Skull and brain endocast of A. africanus, Mrs. Ples (photo: Transvaal Mus.) 

 In 1947 Robert  Broom and John T. Robinson found a nearly complete skull of an adult hominin in a cave near Sterkfontein, South Africa. The site is about 40 km NW of Johannesburg in a limestone region of the Transvaal. Based on tooth analysis, the fossil is considered that of an adult female.The skull was nicknamed "Mrs. Ples" from the name Plesianthropus transvaalensis ("near-man from the Transvaal"), that Broom initially gave the skull. It is now considered part of the species Australopithecus africanus, and this is the most complete A. africanus skull known.

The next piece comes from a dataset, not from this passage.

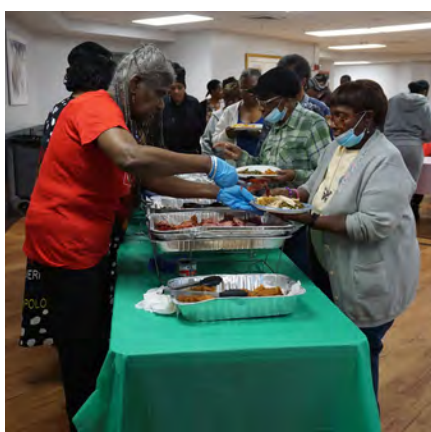
Commons Senior Mother's Day Luncheon, May 9.

Mrs. Ples had a brain size or cranial capacity of about 485 cubic centimetres, only slightly larger than that of a chimpanzee. Her skull also revealed that she walked upright, based on the location of the foramen magnum on the underside of the skull, where the medulla oblongata also lies, as opposed to near the back of the skull as in the case of anthropoid apes. This was one of the first fossils (along with the Taung child skull found by Dart in 1924) to reveal that upright walking had evolved well before any significant growth in brain size.  The fossil has been dated by a combination of palaeomagnetism and uranium-lead techniques to ca. 2.05 million years ago.